Хотя семья Пейн и была из буржуазных кругов, после развода Дороти не возвратилась в эту среду и в Манчестер тоже не вернулась. Она вышла за такого же, как Уорд, — за итальянского магната, короля искусственного шелка по имени Альдо де Рокка, который страстно любил автомобили и каждый год участвовал в гонке в Ле-Мане. Он, должно быть, тоже останавливался в «Георге Пятом» или в «Рице», в Лондоне жил в «Савое», в Каннах — в «Карлтоне», в Монте-Карло — в отеле «Париж». Как эти люди устраивают, чтобы постоянно не встречаться друг с другом? Во всем мире есть двадцать или тридцать гостиниц класса люкс, десяток модных пляжей, ограниченное число разных торжеств, «Гранпри» и скачек. Поставщики товаров у всех этих людей одни и те же, ювелиры и портные тоже. Даже парикмахеры у них обшие, даже маникюрши.

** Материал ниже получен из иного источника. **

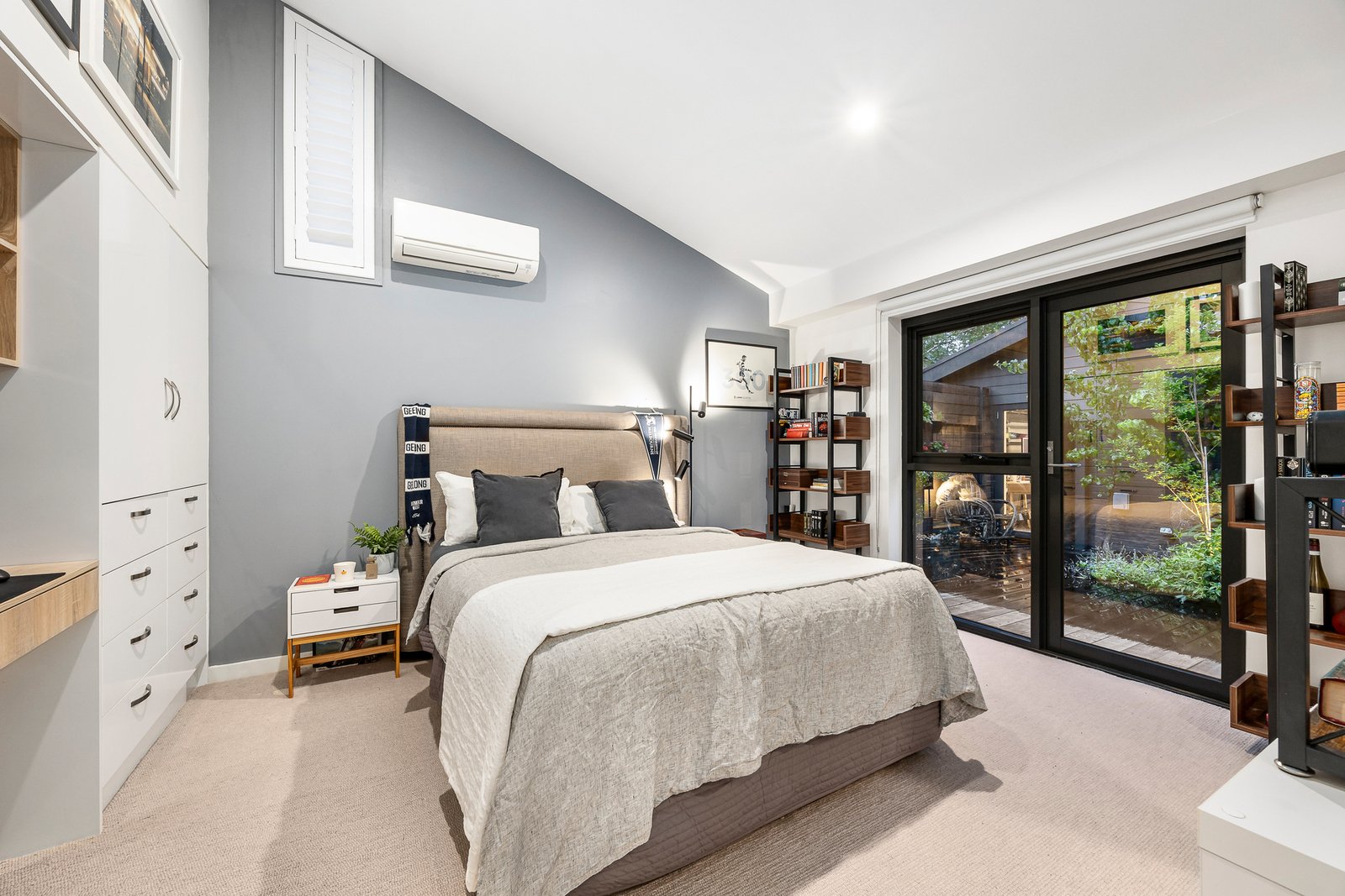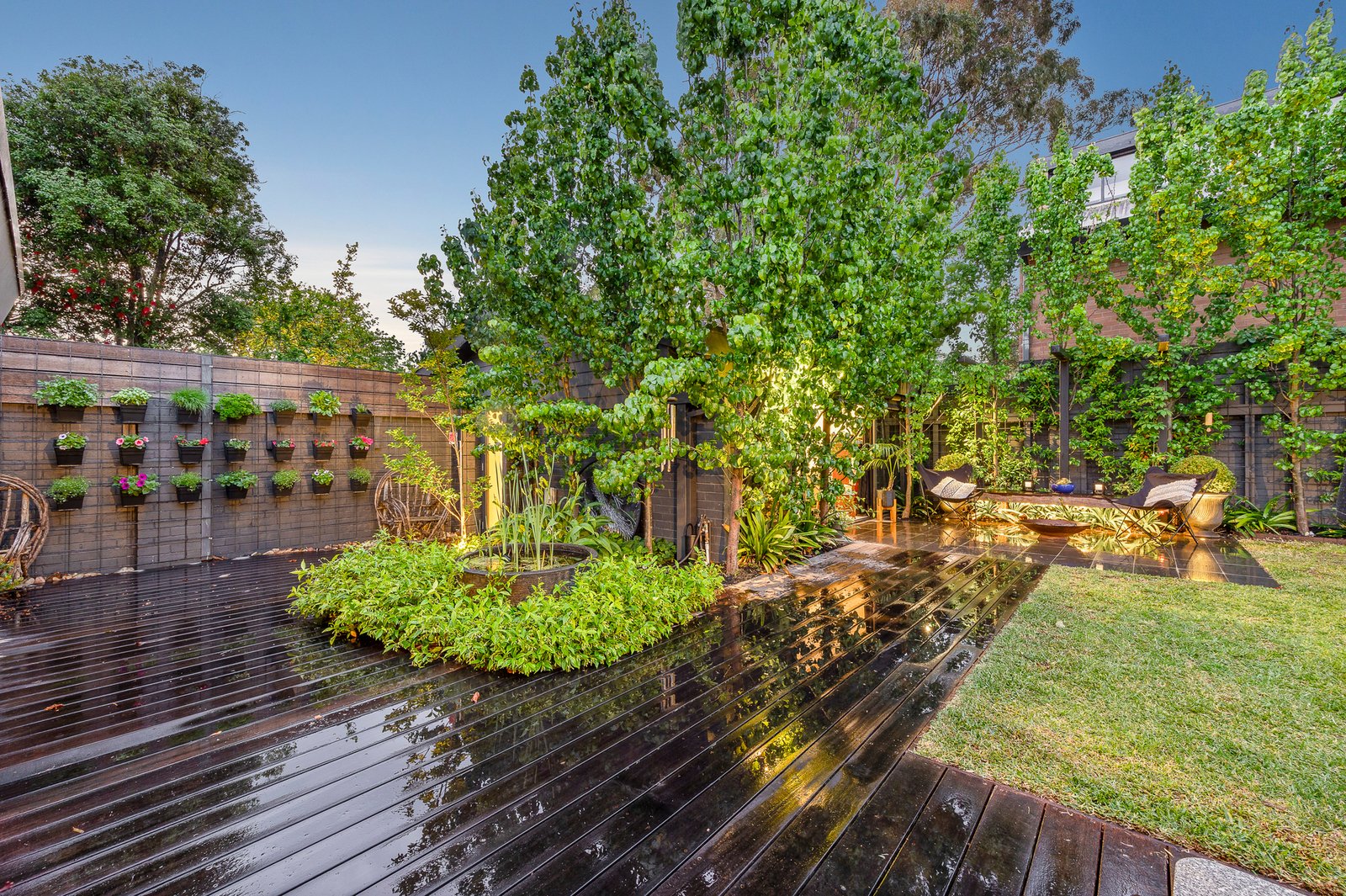 At its heart lies an exquisite garden oasis designed by Shay Robinson that feels worlds away. Beautifully layered with bleached timber decking, bluestone paving and lush greenery, the garden’s distinct zones flow effortlessly for relaxation and entertaining. A vertical garden and tranquil pond form a soothing backdrop, complemented by bench seating, a hide-away spa and ambient lighting that brings the garden to life after dark.

Вторая жена полковника, Алиса Перрен, та, чей сын учился в Кембридже, была родом из другой среды. Дочь сельской учительницы из провинции Ньевр, она работала в Париже манекенщицей, когда Уорд впервые с ней встретился. Но разве манекенщицы не живут на границе этого же мира? После развода она не вернулась к своей профессии, и полковник, расставаясь, выделил ей содержание. В каких домах она теперь бывает гостьей?
Этот же вопрос Мегрэ мог бы себе задать и по поводу третьей жены, Мюриэль Хэллиген, дочери заводского мастера из Хобокена, возле Нью-Йорка, которая продавала сигареты в ночном клубе на Бродвее, когда Дэвид Уорд влюбился в нее.